GCC Ver 3.4.6 4.3.3 4.4.1
------ ------ ------
Trial 1 467.58 340.05 309.88
Trial 2 436.73 380.04 277.64
Trail 3 429.33 351.14 290.84
------ ------ ------
Average 444.55 357.08 292.79
Speedup 1.00 1.24 1.52
(rel. to
3.4.6)
To compile this application, I used the flags "-g -funroll-loops -march=core2 -O3 -Wall" for 4.3.3 and 4.4.1 and "-g -funroll-loops -O3 -Wall" for 3.4.6 (which lacks the "-march=core2" option). For general use, I'd suggest -O2, add -march=core2 if you know your application will only run on newish hardware, and add -funroll-loops for applications with heavy STL use. If doing heavy floating point arithmetic, check out the -ffast-math option, but be sure you are comfortable with what this option enables and disables. A recent Markov Chain Monte Carlo (MCMC) simulation application I examined ran 30% faster simply by enabling -ffast-math.

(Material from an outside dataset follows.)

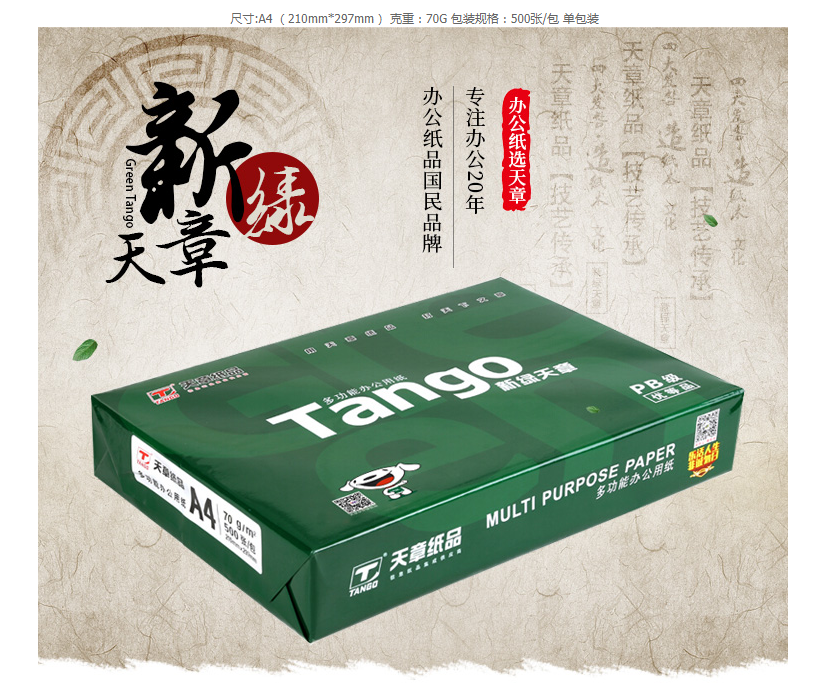 天章(TANGO)新绿天章A4纸70g双面A4打印纸热销款复印纸企业购渠道

Options for compiling 32-bit applications are more complicated, especially for floating point heavy applications, but I discourage scientific applications from being built 32-bit. An increased number of registers and improved memory accesses is available on 64-bit Intel platforms, if the application is compiled 64-bit. so, many scientific applications have a performance boost simply by compiling them 64-bit.